# Some things I learned after getting a bigger boat....



## notnksnemor (Apr 19, 2010)

After years of having a 17' boat I finally moved up to a 
20+. 
Some things I learned:
>Bigger boat is great, more room, rides better, more comfortable.
>Bigger boats come with bigger trailers that usually have brakes. Sometimes the brakes are surge brakes, and *surge brakes suck*. After only having single axle trailers, I can now tell you surge brakes suck. This is my first encounter with them. When I bought the boat I saw that the brakes were rusty and didn't work, no problem, figured that into the price and moved on. Next I replace 2 caliper/rotors, clean the brake line, replace the actuator on the tounge, bleed and brakes work like new.
Hook to trailer to move it and* It won't back up*. Who would a thought surge brakes work just as well going backward as they do going forward. 
So now I find out I have to change from a 4 pin flat plug to a 5 pin flat plug to pick up power to a little solenoid to shut the brakes off when the back up lights come on........In the process of doing that, notice the wire on the trailer looks old, and the lights are not submergeable. So I change wiring harness and lights on trailer. Now trailer backs up and brakes work. So I'm thinking, I usually unplug the lights when I back it in the water, can't do that now or brakes won't work. Get a 4 pin flat plug and wire it in line with the 5 pin flat, so now I can unplug lights leaving wire hooked to brake solenoid so trailer will back up. 

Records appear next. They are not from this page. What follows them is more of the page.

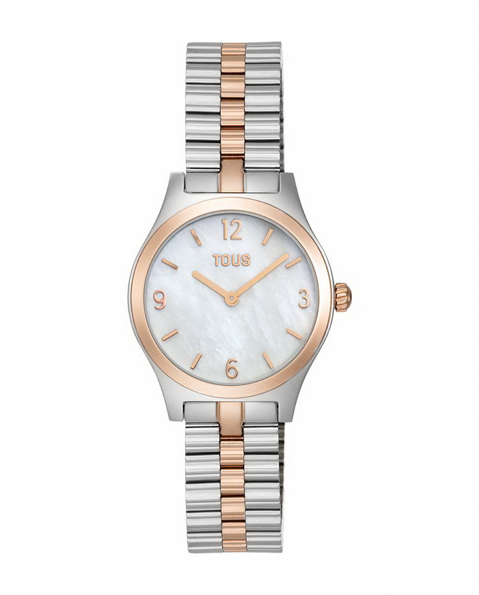 Reloj analógico TOUS Epic icon SS con caja de acero inoxidable con bisel Ip Rosa y brazalete en acero inoxidable bicolor Ip Rosa. Cristal mineral plano redondo. Esfera blanca. Impermeable a 5 ATM. Movimiento analógico de cuarzo japonés.
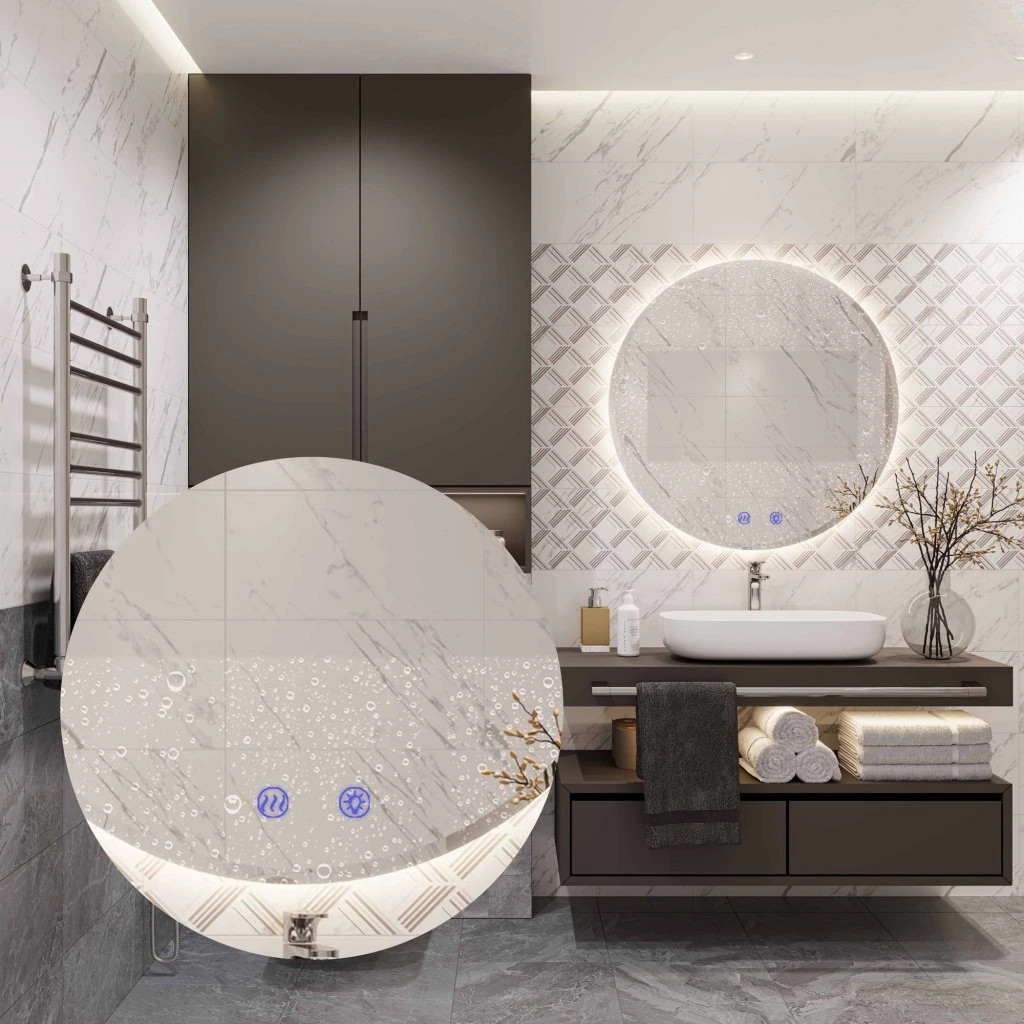 Páramentesítő funkció megkönnyíti a tükröződés megtekintését bekapcsolt állapotban – páramentes gőzszőnyeg: LED-es fali tükrönk beépített páramentesítővel rendelkezik. A párásodásgátló kapcsoló külön vezérléssel rendelkezik, amely biztonságos és energiatakarékos, és szükség szerint be- és kikapcsolható. Így nem kell attól tartanod, hogy ködösnek tűnsz a tükörben bőrápolás vagy sminkelés közben.
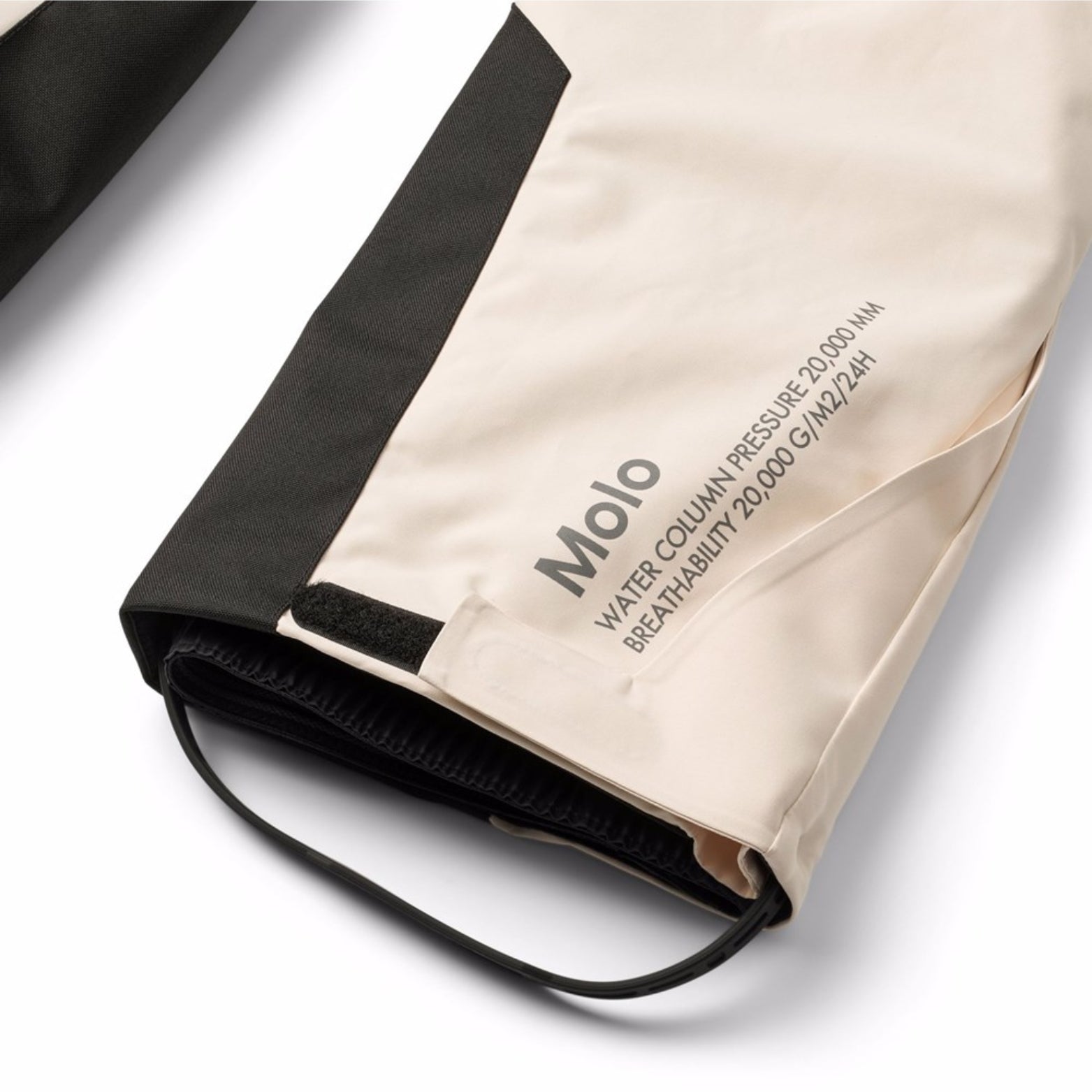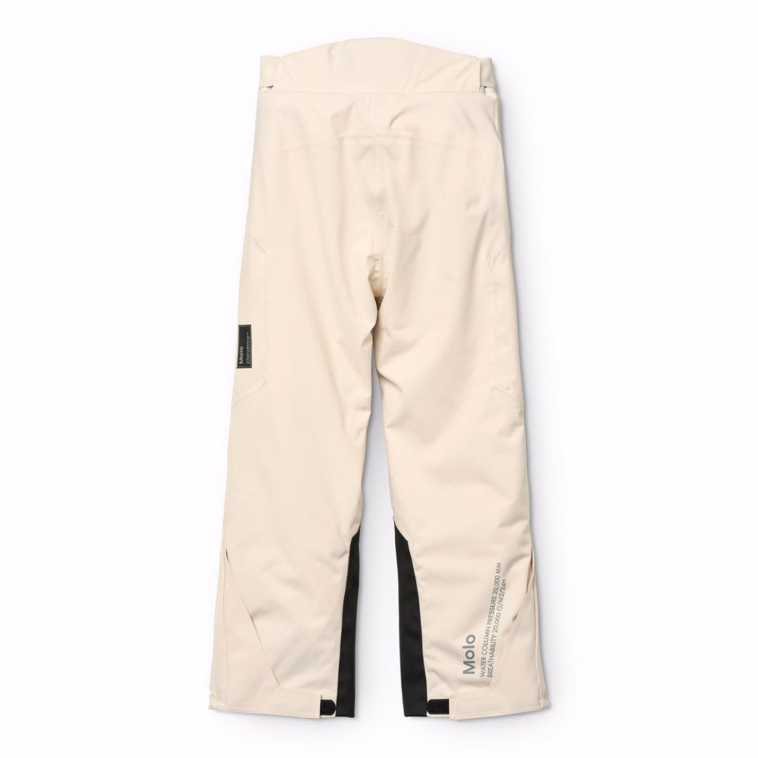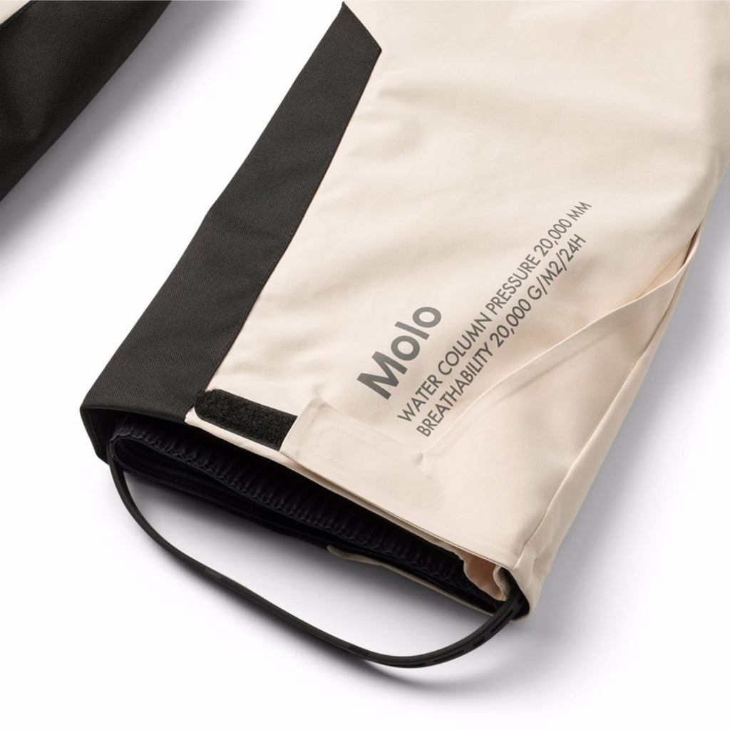 Off-white wind and waterproof ski pants made of recycled polyester. The ski pants have a snap button and zipper closure, external adjustable Velcro straps, belt loops for Molos braces (additional accessory), adjustable leg openings with snow gaiters and extra reinforcement between the legs. The ski pants have waterproof pockets and a reflective text on the back to increase the visibility in traffic. Additionally, the ski pants are lined with fleece in exposed areas and padded with 3M™ Thinsulate™.
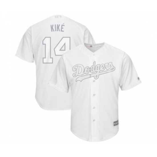 >Men's Los Angeles Dodgers #14 Enrique Hernandez Kike Authentic White 2019 Players Weekend Baseball Jersey
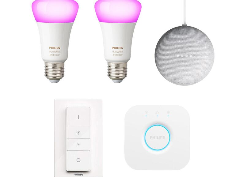 - Mit zwei Philips Hue White & Color Ambiance E27-Lampen, Bridge, Dimmschalter und einem Google Nest Mini Lautsprecher.
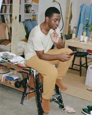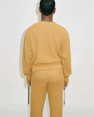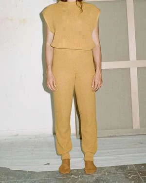 Organic cotton ribbed knit pant from Baserange. Pull on style with elastic waistband and a full length leg. Ribbed cuff at ankle. Unisex.
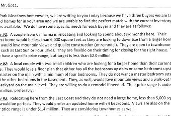 La lettre « formulaire » a été envoyé à ma boite postale et de toute évidence, l'agent immobilier n'avait aucune idée de ce à quoi ma maison pouvait ressembler, en prétendant qu'il y avait trois acheteurs à la recherche d'une résidence dans mon quartier.
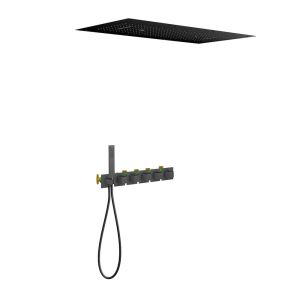 Черная сантехника становится все более популярной для ванных комнат из-за способности расставлять акценты.Встраиваемая душевая система с термостатом Timo Petruma 5329 относится к премиальному сегменту, предназначена для монтажа в полой или твердой стене. Термостатический картридж поддерживает стабильную температуру воды, обеспечивая максимально комфортные условия для принятия водных процедур. Встроенный потолочный душ большого размера создает имитацию проливного дождя, вода обливает человека целиком. Регулируя напор воды можно получить массажное воздействие, что очень полезно для здоровья. Основные преимущества встроенной системы: элегантный внешний вид, все коммуникации и крепления спрятаны в стену и потолок, снаружи видны только декоративные элементы. Установить встроенную систему можно в любом месте. Сложностей монтажа не возникает при установке элементов душевой системы опытным сантехником. Внимательно изучите инструкцию по монтажу и эксплуатации.Черная сантехника требует бережного ухода.

Oh Yeah...... the boat runs great.


----------



## d-a (Apr 19, 2010)

Its always something. 

d-a


----------



## sea trout (Apr 19, 2010)

ha ha! glad the boat runs great!
d-a is right....there's always somthing!!!! ha ha


----------



## Parker Phoenix (Apr 19, 2010)

Welcome to my world.....


----------



## PaulD (Apr 19, 2010)

Bigger boats=bigger issues, and more of them!


----------



## Capt. Scott Griffin (Apr 19, 2010)

Check your actuator...there should be a lockout on it that you can slide something into that will keep your actuator from sliding and locking your brakes up..when I move my trailer with my lawn mower I use the lock out.


----------



## notnksnemor (Apr 19, 2010)

Trollin_Fool said:


> Check your actuator...there should be a lockout on it that you can slide something into that will keep your actuator from sliding and locking your brakes up..when I move my trailer with my lawn mower I use the lock out.



There is a hole for a lock pin. The actuator has to be all the way out. It came down to: do I want to put in a couple of hours to wire it right or jump out and put a pin in the tongue everytime I want to back up?
It wasn't bad, just seemed like one thing lead to another. Trailer is like new now.


----------



## kingfish (Apr 19, 2010)

B.O.A.T:  Bring On Another Thousand !!


----------



## Robert 31320 (Apr 19, 2010)

Sometimes, a bigger boat will also teach you how much you actually liked your smaller boat.


----------



## notnksnemor (Apr 19, 2010)

Robert 31320 said:


> Sometimes, a bigger boat will also teach you how much you actually liked your smaller boat.



Smaller boats are great.......here's a shameless plug for one that needs a good home.......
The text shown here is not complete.